Figure 5. Codec circuit.

Output Mixer

On the other side, the synthesized signal and the dry signal need to be combined before finally being sent out of the pedal. Each signal has it’s own level pot to adjust the mix before the two are added with a simple summing op amp.

Figure 6. Output mixer circuit.


Full project directory including source code, test benches, sample data, and a wav audio sample. Some file paths may need to be modified (particularly in the HLS test benched), but all the required files should be present.

Pedal Project Source


Arpeggiation is a computationally complex algorithm and works well with an FPGA platform. Unrolling operations into parallel paths wherever possible creates a large savings in latency when compared to a traditional processor implementation. Splitting the data stream into parallel paths for the envelope detection and arpeggiation function is also much more efficient than doing it all sequentially. Even with limited FPGA area, the entire computation can be executed in a relatively short amount of time. With increased area, the latency could be reduced even further.

As a consequence of the complexity, simulating the design takes a very long time. This makes it hard to perform an exhaustive test of the system without waiting for hours or days at a time. The most I was able to simulate in a reasonable amount of time was about 1 second worth of data. Due to this, there may be bugs where the process doesn’t behave as expected that weren’t caught in the simulation. Timing constraints have also not yet been finalized for the design so there may be errors during the implementation stage.
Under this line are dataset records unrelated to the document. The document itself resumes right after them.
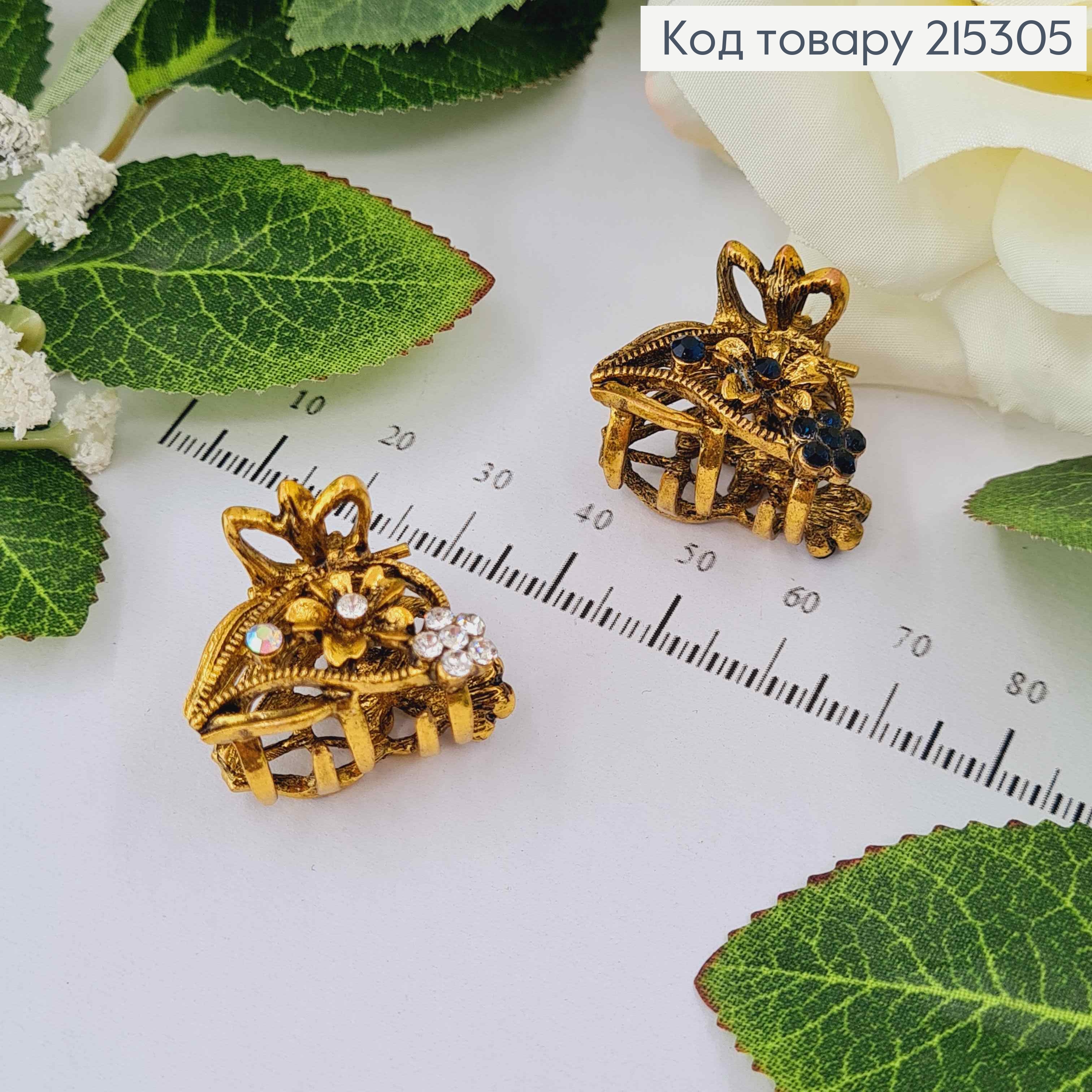 Краб металл "Петелька" украшен Блестящими камешками, 6см, Золотого цвета 215774 фото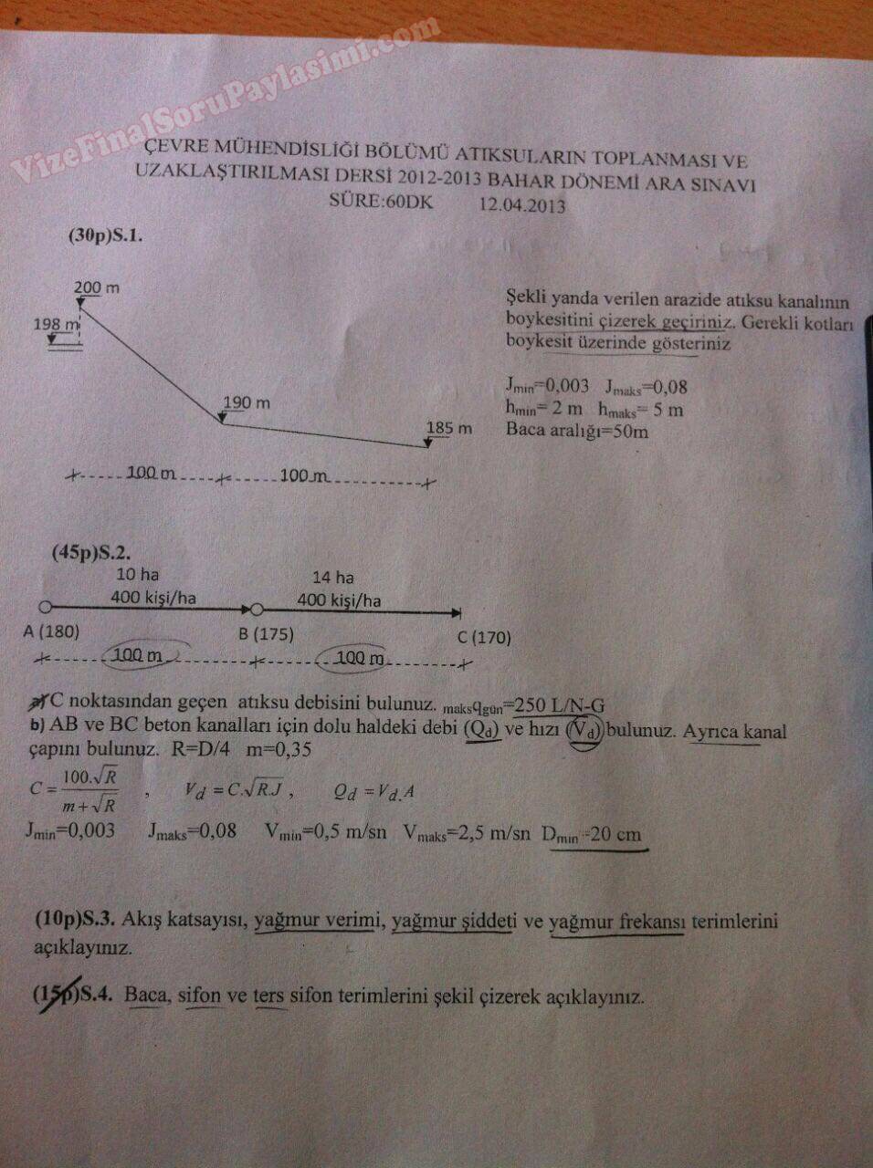 Atık Suların Uzaklaştırılması Vize Soruları 27-11-2019, 16:50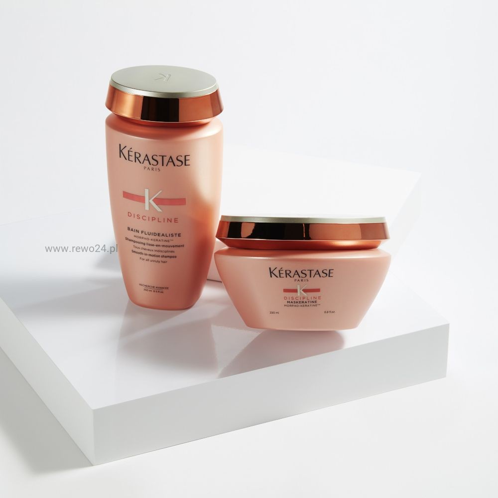 Kérastase Discipline Maskeratine to wygładzająca maska dyscyplinująca przeznaczona do włosów niesfornych, uwrażliwionych i trudnych do ułożenia. Formuła z linii Kérastase Discipline Fluidealiste pomaga ograniczyć puszenie się włosów, wygładzić ich strukturę i poprawić podatność na stylizację.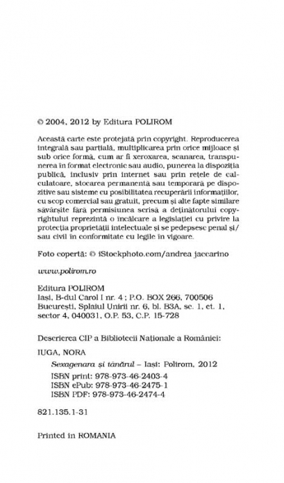 Comandă online cartea "Sexagenara și tînărul (ediție revăzută și adăugită, de buzunar)" la 19,69 lei isbn 9789734624034 scrisă de Nora Iuga, tiparită la editura Polirom face parte din colecția Top 10+. cu plata ramburs sau online cu cardul. Momentan titlul "Sexagenara și tînărul (ediție revăzută și adăugită, de buzunar)" nu este disponibil însa vă puteți înscrie pentru a fi notificat în momenul reaprovizionarii.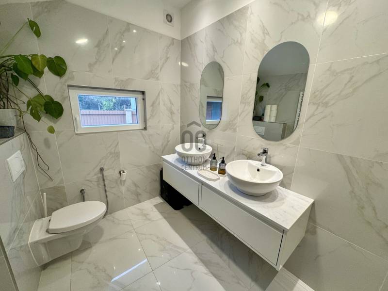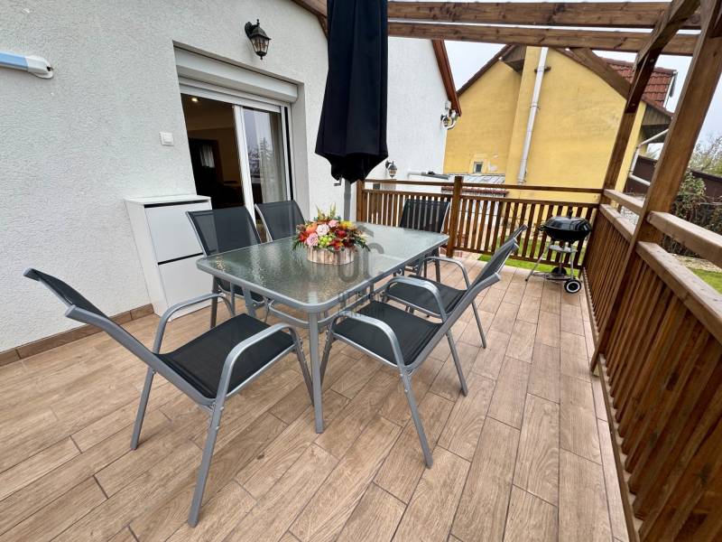 Százhalombatta legszebb részén, az Óvárosban helyezkedik el ez a kiváló adottságokkal rendelkező családi ház. 1994-ben épült és 2024-25-ben lett teljeskörűen, különleges módon és minőségben felújítva. Szeretettel, körültekintően, magas igények szerint lett kialakítva.- 1/1 tulajdonban van- beépített bútorok és garancia alatt álló BOSCH gépek az árban- a többi bútor és gép megbeszélés tárgyát képezi- délkeleti tájolása miatt mindig kellemesen süt be a nap- mozgásérzékelő, riasztó, távfelügyeleti rendszer, 2db 360 fokos kamera mobilapplikációval- műanyag nyílászárók, jó szigetelés és biztonsági bejárati ajtó- a felső emeleti szobából DUNAI PANORÁMA- KERTÉPITÉSZET, -DESIGN, LAKBERENDEZÉS- intimszféra garantáltBuszmegálló kettő is a közelben, közel a vasútállomás és Budapest is fél órán belül elérhető.Ajánlom pároknak, kis- és nagycsaládosoknak.Várom megkeresését!Amennyiben további részletekre kíváncsi:Az első benyomás már a bejáratnál és a gondosan kialakított kertnél magával ragad.Színvilág nem a véletlen műve, tökéletes harmoniában van egymással, akár a feng-shui alapján:A ház, a kerítés, a belső terek színvilága professzionálisan lett tervezve, minden árnyalat tökéletes harmóniában van egymással, a belső berendezést pedig lakberendező készítette.Kert - design garden: 10-12db gyümölcsfacsemete lett elültetve (1 édes alma, 1 savanyú alma, 1 szilva, 1 cseresznye, 1 meggy, 1 körte, 1 barack, 1 mandula, 1 gránátalma, 1 füge stb.). Úgy lettek elültetve, hogy egymás után virágozzanak, így a termésük is folyamatosan, tavasztól késő őszig érkezik (májustól október végéig). A kert teljes mértékben kertész által tervezett és kivitelezett, magas dizájnban kialakított, igazi oázis. Kiemelkedően figyeltek az intimszférára: kb. 20 örökzöld, leyland ciprusok garantálják a privát hangulatot. A kerítésnél babérmeggy sor húzódik, rózsák futnak fel az apácarácsokon, körbe levendula fut és kecskerágók is vannak közöttük. Télen is az örökzöld növények miatt garantált az intimszféra. A gyep a legjobb minőségű sportfűből készült, tartós és strapabíró, a talaj termőréteggel lett feltöltve, hogy minden növény egészségesen fejlődhessen. A kert egyszerre esztétikus, praktikus és teljesen zárt, így maximális intimitást biztosít.Úgy lett kialakítva a kert, hogy a fent említett dísznövények és gyümölcsfák körbeveszik a kerítést, így 200m2 füvesített rész van a kert közepén, így medence, sütögető vagy más szabadidős lehetőségek is könnyen elférnek. Az egyik oldalon vadonatúj drótkerítés is van. Díszkút az udvarban, kiépített öntözőrendszerrel.Közművek és rezsi:Két vízóra van, az egyik a kerti locsoláshoz a pincében, a másik a normál fogyasztásra az aknában. A gázóra kint van a ház elején, a csatornánál átemelő segíti a lejtés miatt a vízemelést. A villanyvezetékek vadonatújak. Az álmennyezet a dizájnnak megfelelően spotlámpákkal van ellátva. Kiváló szigetelés, a rezsi szinte elhanyagolható! A cirkó gázkazán vadonatúj (BOSCH), engedélyezési dokumentummal együtt. Lent padlófűtés van, fent radiátorok. Emeletenként 1-1 inverteres klíma (MIDEA, prémiummárka), egy másik szobában ki van építve, ha igénye lenne rá.Bejárat:Az elektromos autóbejáró és a modern, fémből készült kerítés fa design elemekkel már a megérkezés pillanatában minőséget és letisztult eleganciát sugall. A kinti világítás kapcsolóval működik. Díszkővel van körberakva a ház, ami alatt geotextilia van és szegővel van lezárva. A csőrendszer elnyeli az esővizet. Pince:Ritkaság, hogy egy ház alatt pince található: itt egy tágas 25,25m2-es pince van, 5cm aljzatbetonnal és szellőzőrendszerrel a nedvesség ellen.Környék:Az ingatlan Százhalombatta legértékesebb részén, az exkluzív Óvárosban található, egy csendes zsákutcában, ahol nincs átjáróforgalom. A környék a város legnyugodtabb, legbiztonságosabb övezete, valódi békét és kivételes életminőséget kínál.Városunk:Százhalombatta Budapest közvetlen vonzáskörzetének egyik legkulturáltabb és legdinamikusabban fejlődő kisvárosa. A Duna-part nyugalma, a gondosan karbantartott zöldterületek és a modern városi infrastruktúra együtt teremtenek kimagasló életminőséget.A város kiemelkedően jó közlekedési kapcsolatokkal rendelkezik, így a főváros mindössze percekre van, miközben a környezet megőrzi a prémium, csendes, kertvárosi hangulatot.Minőségi oktatási intézmények, sport- és wellnesslehetőségek, valamint gazdag kulturális programkínálat teszik vonzóvá a tudatos ingatlanvásárlók és befektetők számára.Százhalombatta mára egy olyan város, ahol a kényelem, biztonság és értékállóság találkozik - tökéletes választás igényes otthonkeresők számára.Jelentkezzen! :)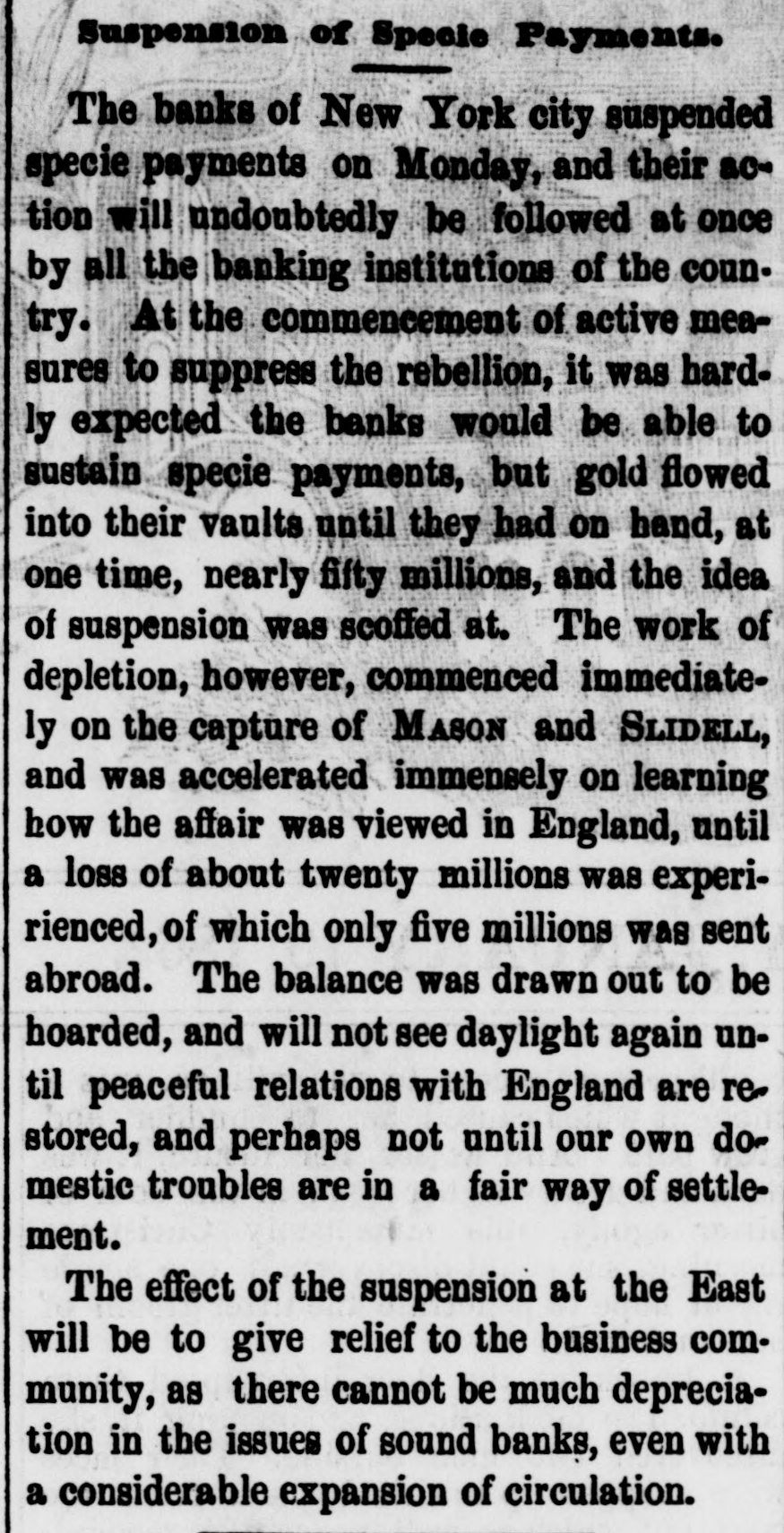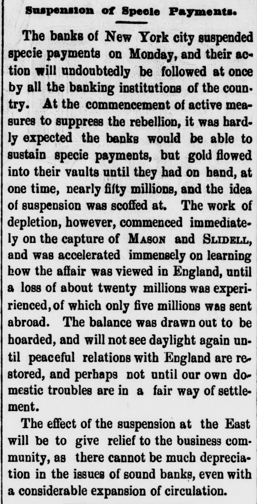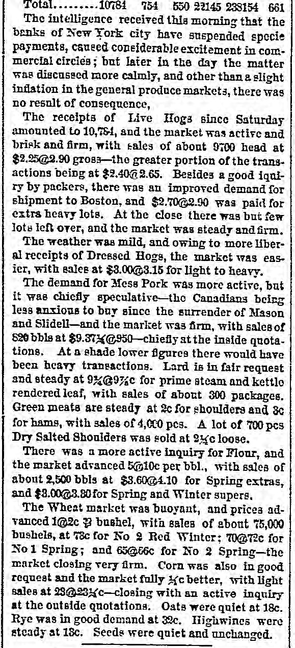 # Total 10781 754 550 22145 233154 661 The intelligence received this morning that the banks of New York city have suspended specie payments, caused considerable excitement in commercial circies; but later in the day the matter was discussed more calmly, and other than a slight inflation in the general produce markets, there was no result of consequence, The receipts of Live Hogs since Saturday amounted to 10,781, and the market was active and brisk and firm, with sales of about 9700 head at $2.25@2.90 gross—the greater portion of the transactions being at $2.40@2.65. Besides a good iqui-ry by packers, there was an improved demand for shipment to Boston, and $2.70@2.90 was paid for extra heavy lots. At the close there was but few lots left over, and the market was steady and firm. The weather was mild, and owing to more liberal receipts of Dressed Hogs, the market was easier, with sales at $3.00@3.15 for light to heavy. The demand for Mess Pork was more active, but it was chiefly speculative—the Canadians being less anxious to buy since the surrender of Mason and Slidell—and the market was firm, with sales of 820 bbls at $9.37@950—chiefly at the inside quota-tions. At a shade lower figures there would have been heavy transactions. Lard is in fair request and steady at 9%@9%c for prime steam and kettle rendered leaf, with sales of about 300 packages. Green meats are steady at 2c for shoulders and 3c for hams, with sales of 4,000 pcs. A lot of 700 pcs Dry Salted Shoulders was sold at 24c loose. There was a more active inquiry for Flour, and the market advanced 5@10c per bbl., with sales of about 2,500 bbls at $3.60@4.10 for Spring extras, and $3.00@3.80 for Spring and Winter supers. The Wheat market was buoyant, and prices advanced 1@2c bushel, with sales of about 75,000 bushels, at 78c for No 2 Red Winter; 70@72c for No 1 Spring; and 65@66c for No 2 Spring—the market closing very firm. Corn was also in good request and the market fully Ac better, with light sales at 23@234c—closing with an active inquiry at the outside quotations. Oats were quiet at 18c. Rye was in good demand at 32c. Highwines were steady at 18c. Seeds were quiet and unchanged.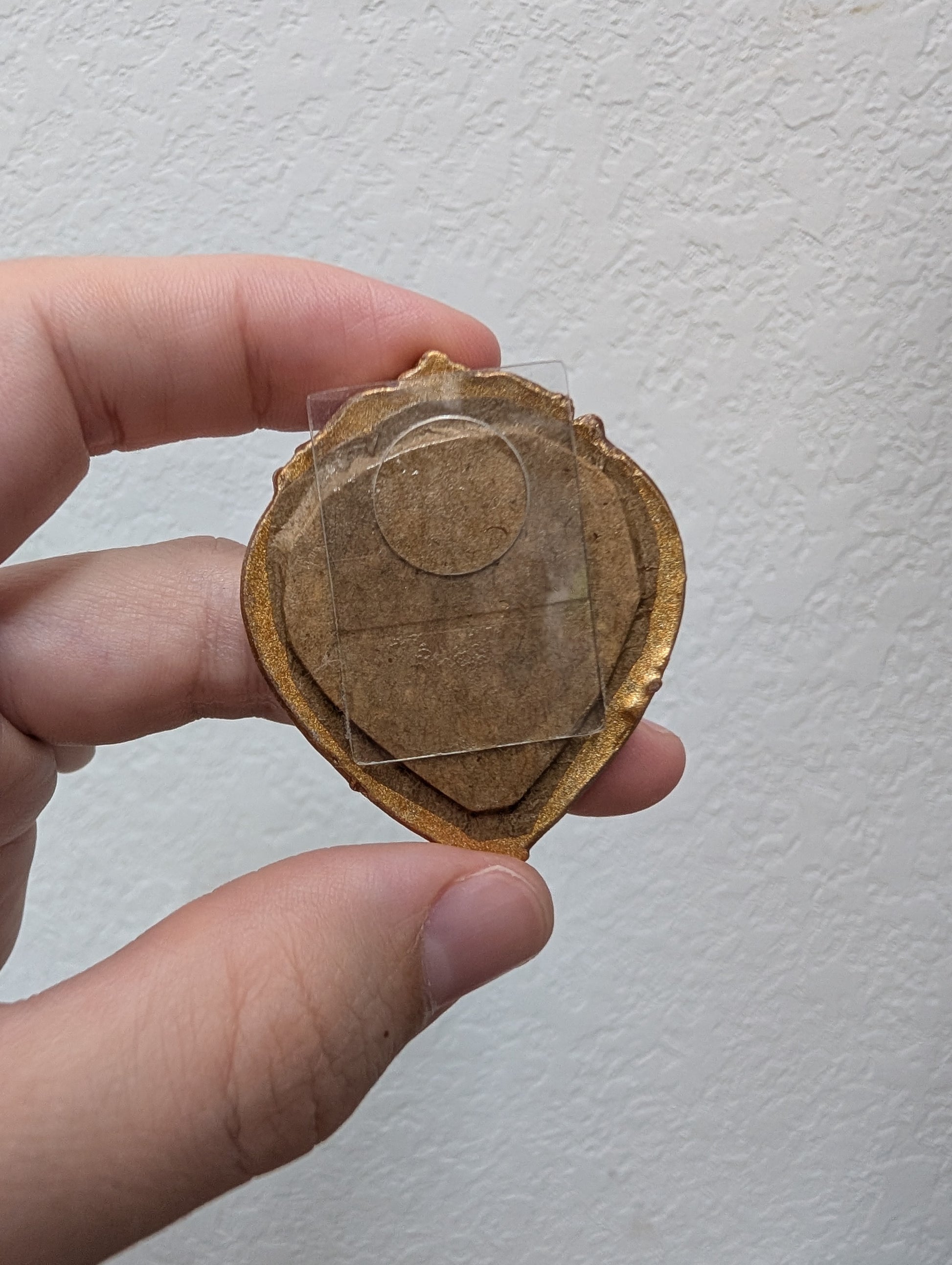 These make great gifts for any miniature enthusiast! It comes in the little gold frame, and has a tag hanger on the back.

There are likely a number of other improvements that could be made to this design. Firstly, being able to reduce the number of samples required for pitch detection would greatly reduce the latency. The envelope detection stage is also a bit rudimentary and the gain could be adjusted to better follow the input. Eventually, a tap tempo option would be ideal for controlling the timing of the sequence.

In the end, this project creates a solid foundation for other audio processing endeavors for the future. The I2S interface can be used to interface with virtually any codec and the Xilinx DDS and CIC compilers can be useful for any number of modulation type effects.